Sind noch Folgen des Giftunfalls :c  auf der Theiss zu spüren?

Bin die letzte Augustwoche am Balaton (Abrahamhegy). Wird Urlaub mit Freunden (Baden, Enduro-Fahren, Fischen). Bin gespannt, ob ich dem See was entlocken kann!

Grüsse
Pogu


----------



## Homer (1. März 2002)

Wieso nicht Ballaton? War die letzten drei Jahre da und habe gut Aal und Zander gefangen, bin nicht auf Hecht gewesen, sind aber genug drin. Ballaton ist eines der Fischreichsten Gewässer, was ich kenne. Wenn Du natürlich auf die südseite in die Nähe von Shiofog fährst, ist es da deutlich teurer.


----------



## Fischerfritz (1. März 2002)

Hi Posengucker,
nach einigen glaubhaften Berichten soll die Theiss so gut wie wieder im alten Zustand sein. Habe sogar einen verückten Bericht gelesen da schreiben die glatt das sich der Fluß durch den Giftunfall grundauf gereinigt hätte.
Auf jeden Fall soll`s wieder ne ware Freude #v sein dort Fische zu fangen.
Ich bin optimistisch und gehe voller Erwartungen  :z  mit meiner Fam. hin. :s 

schönen Gruß
Fischerfritz


----------



## Hunter (2. März 2002)

Hallo,

wer a sagt muss auch b sagen, also wer Ungarn sagt muss auch Baloton sagen!!!!

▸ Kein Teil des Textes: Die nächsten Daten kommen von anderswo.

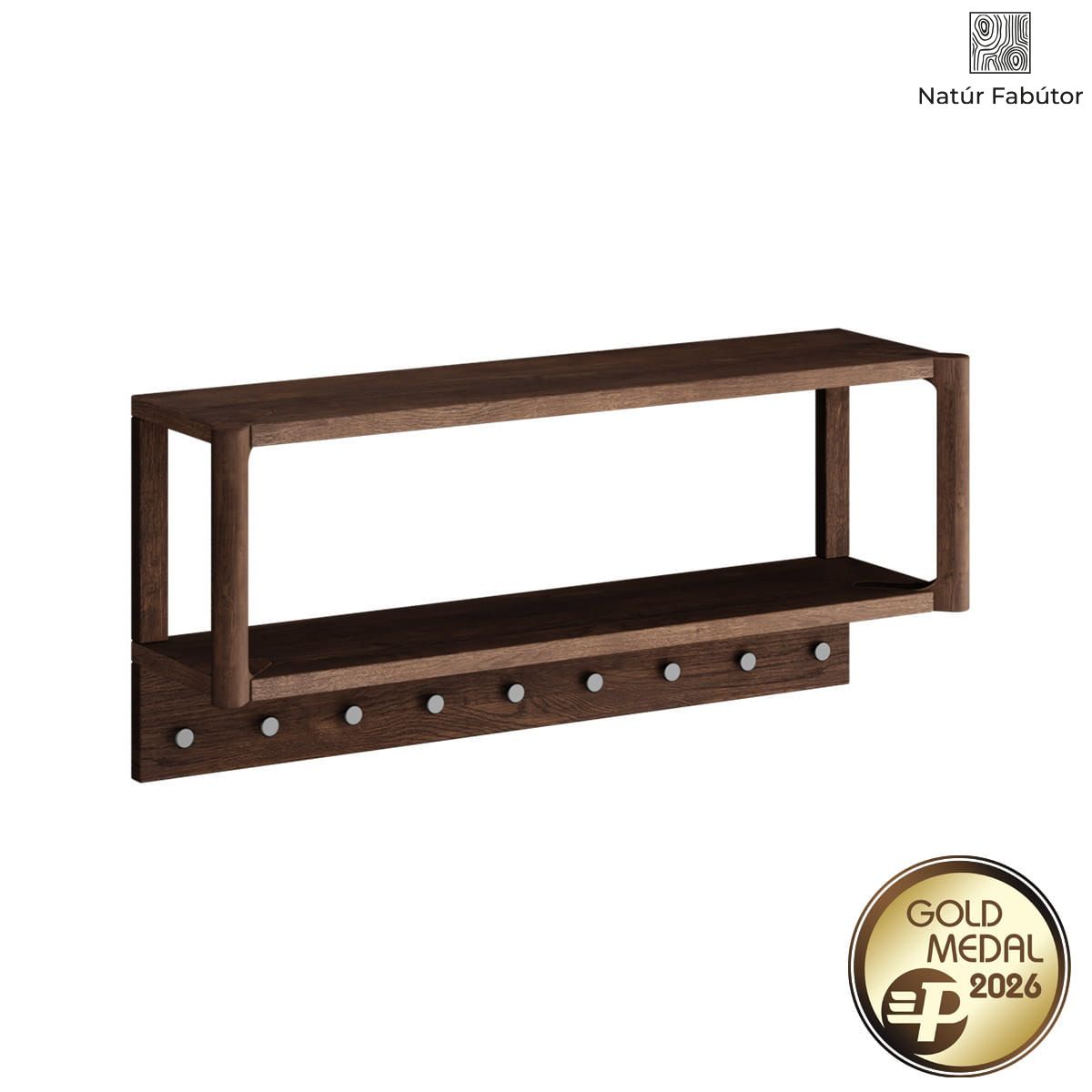 A Campi kollekció tölgyfa fogasa nem csupán dekoratív kiegészítő, hanem átgondolt, időtálló konstrukció. Készült tömör tölgyfából, amelyet Borma olajjal olajoztak, így felülete ellenáll a karcolásoknak, nedvességnek és intenzív használatnak. A tíz, egyenletesen elhelyezett fa akasztó rengeteg helyet kínál kabátok, táskák, gyerek hátizsákok, sálak vagy akár nedves esernyők számára. A felső polc pedig egy extra rendszerezési zóna – ide teheti a dísztárgyakat, kosarakat, könyvet vagy akár bukósisakot. Mindez anélkül, hogy a bútor nehézkesnek hatna – a forma arányai és nyitottsága megőrzi a tér levegősségét.

Im Baloton ist alles drin: Aal, Zander, Karpfen, Rapfen, und, und, und

Ich kenne kein anderes Gewässer in dem man bei 30° im Schatten, Mittags, in 3,5 m tiefen Wasser innerhalb von 2 Std., mit zwei Personen, vom Boot 12! (zwölf!!!) Aale mit einem Schnittgewicht von fast 500gr. fangen kann. :q


----------



## posengucker (2. März 2002)

Hallo Kollegen!

Den Balaton hab ich ausgeschlossen, da ich in der letzten Augustwoche am Balaton/Abrahamhegy bin. Natürlich werde ich mein Glück auch am/im See versuchen. Nur wohnen wir dort nicht direkt am See. Ich finde es traumhaft, wenn zwischen Angel und Kühlschrank #g nur ein paar Meter liegen.

Im Ernst, es gibt doch nichts schöneres, als früh Morgens aus dem Bett zu kriechen und man befindet sich direkt am Wasser. Wenn dann noch beim morgentlichen Kaffee am anderen Ufer ein Reh zum trinken kommt, sich der Morgendunst langsam hebt und die ersten Sonnenstrahlen einen wärmen, ist die Welt für mich perfekt.

Vielleicht gibts ja am Balaton auch so einen ruhigen Flecken.

Bin für jeden Tip dankbar.

Grüsse
Pogu


----------